XIX. Good Faith Negotiations: The Buyer and the Seller agree to act honestly and diligently
to enter into "good faith" negotiations to execute a formal agreement and/or enter into a
Closing.
XX. Exclusive Opportunity: Following the execution of this Letter of Intent, the parties
agree to not negotiate or enter into discussions with any other party unless there are any
existing agreements in place (e.g., option to purchase, first right of refusal, etc.).
XXI. Standstill Agreement: Following the execution of this Letter of Intent, and until the
Closing, the Seller, agrees not to sell any portion of the Business.
XXII. Currency: All mentions of money or the usage of the "₹" icon shall be known as
referring to the Indian Rupees.
XXIII. Governing Law: This Letter of Intent shall be governed under the laws by the State
of State of Madhya Pradesh (India).
XXIV. Severability: In case any provision or wording in this Letter of Intent shall be held
invalid, illegal or unenforceable, the validity, legality, and enforceability of the remaining
provisions shall not in any way be affected or impaired thereby.

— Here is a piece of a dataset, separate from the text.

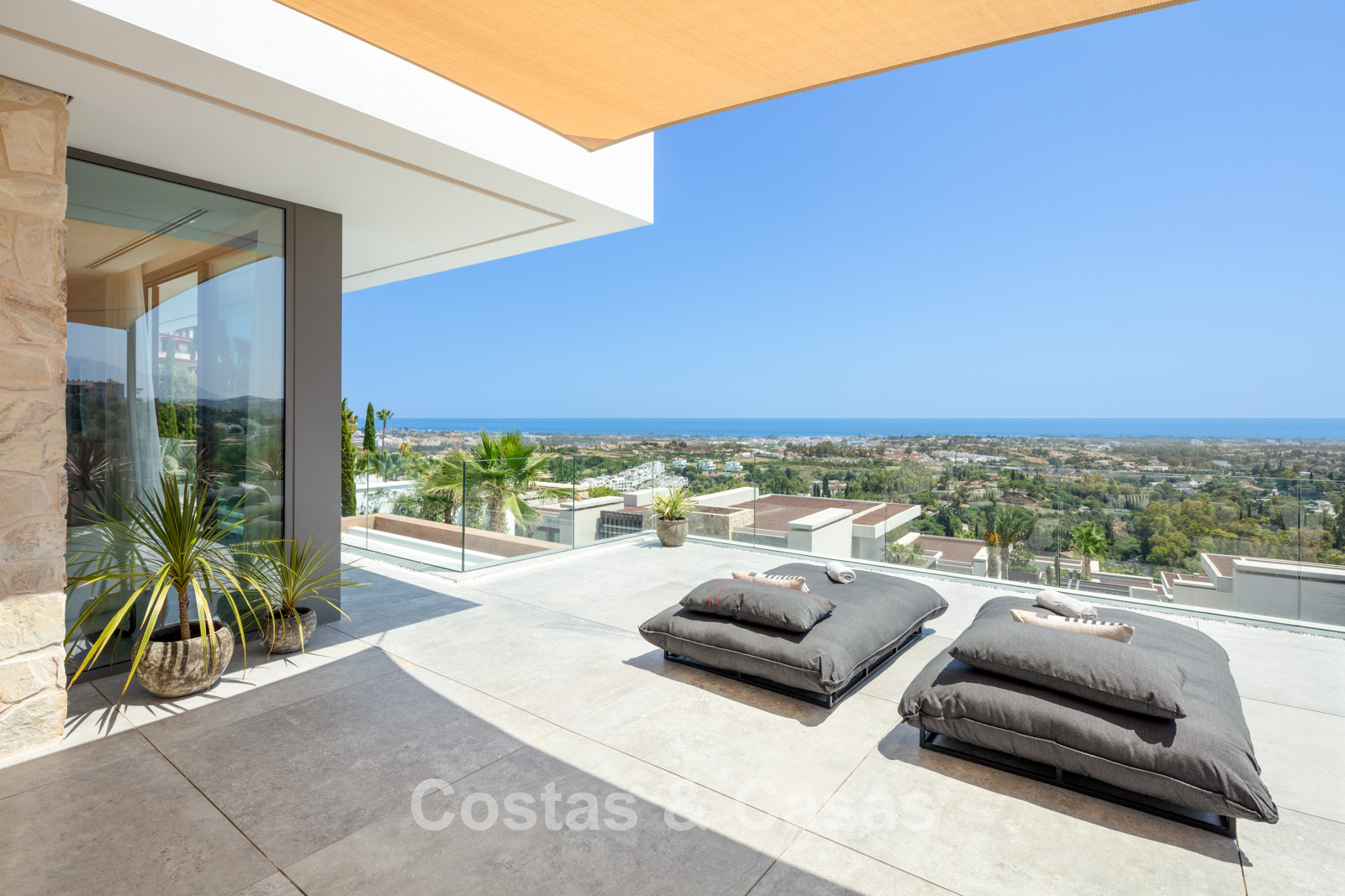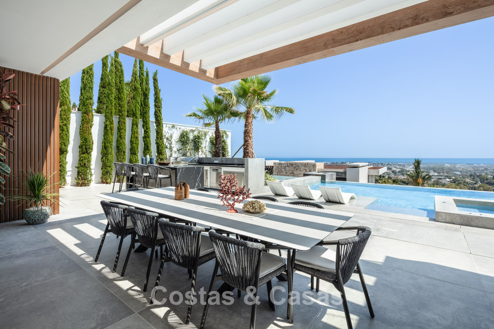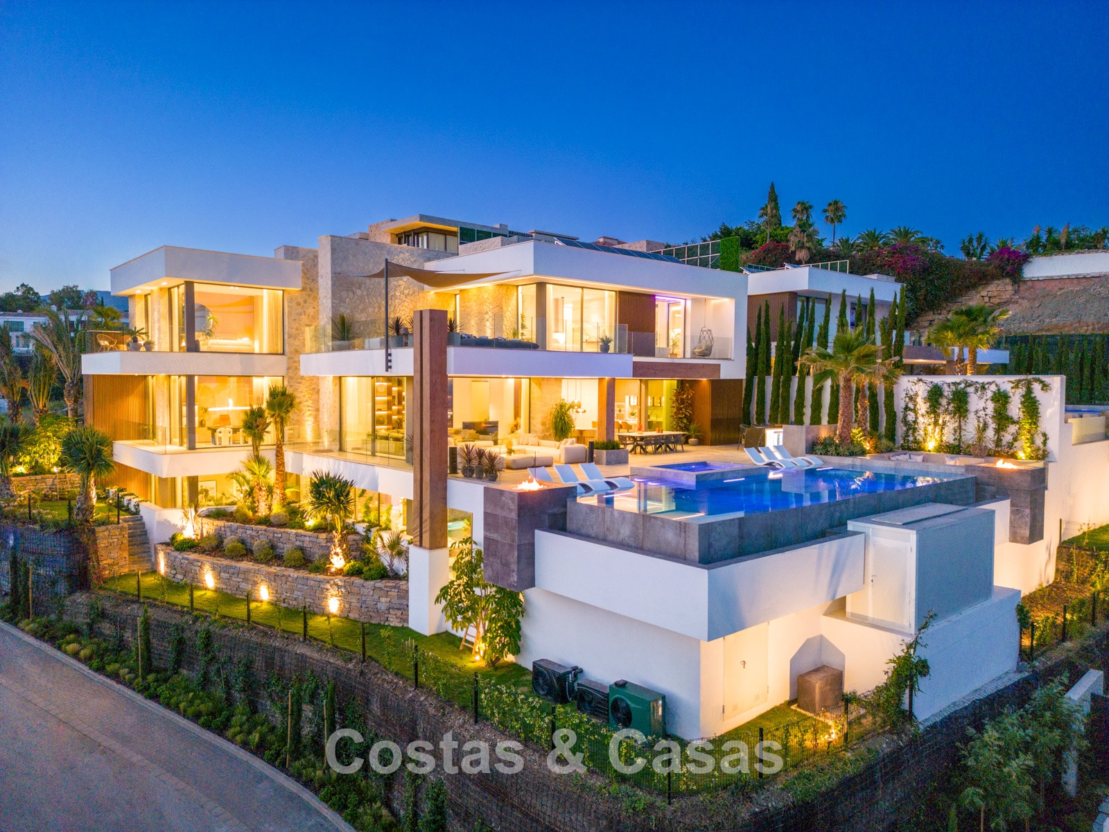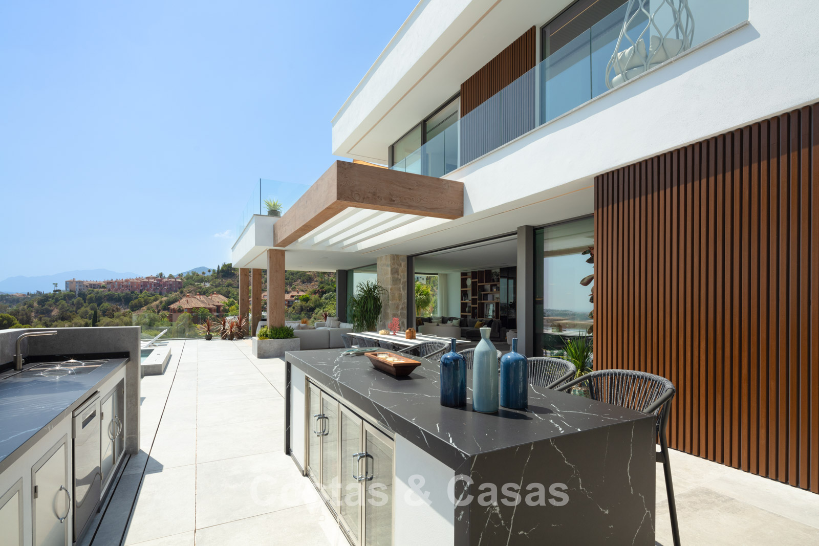 Impresionante y arquitectónica villa de lujo en venta con vistas abiertas al mar en una zona residencial elevada en las colinas de La Quinta en Marbella - Benahavis

XXV. Counterparts and Electronic Means: This Letter of Intent may be executed in
several counterparts, each of which will be deemed to be an original and all of which will
together constitute one and the same instrument. Delivery to us of an executed copy of this
Letter of Intent by electronic facsimile transmission or other means of electronic
communication capable of producing a printed copy will be deemed to be execution and
delivery to us of this Letter of Intent as of the date of successful transmission to us.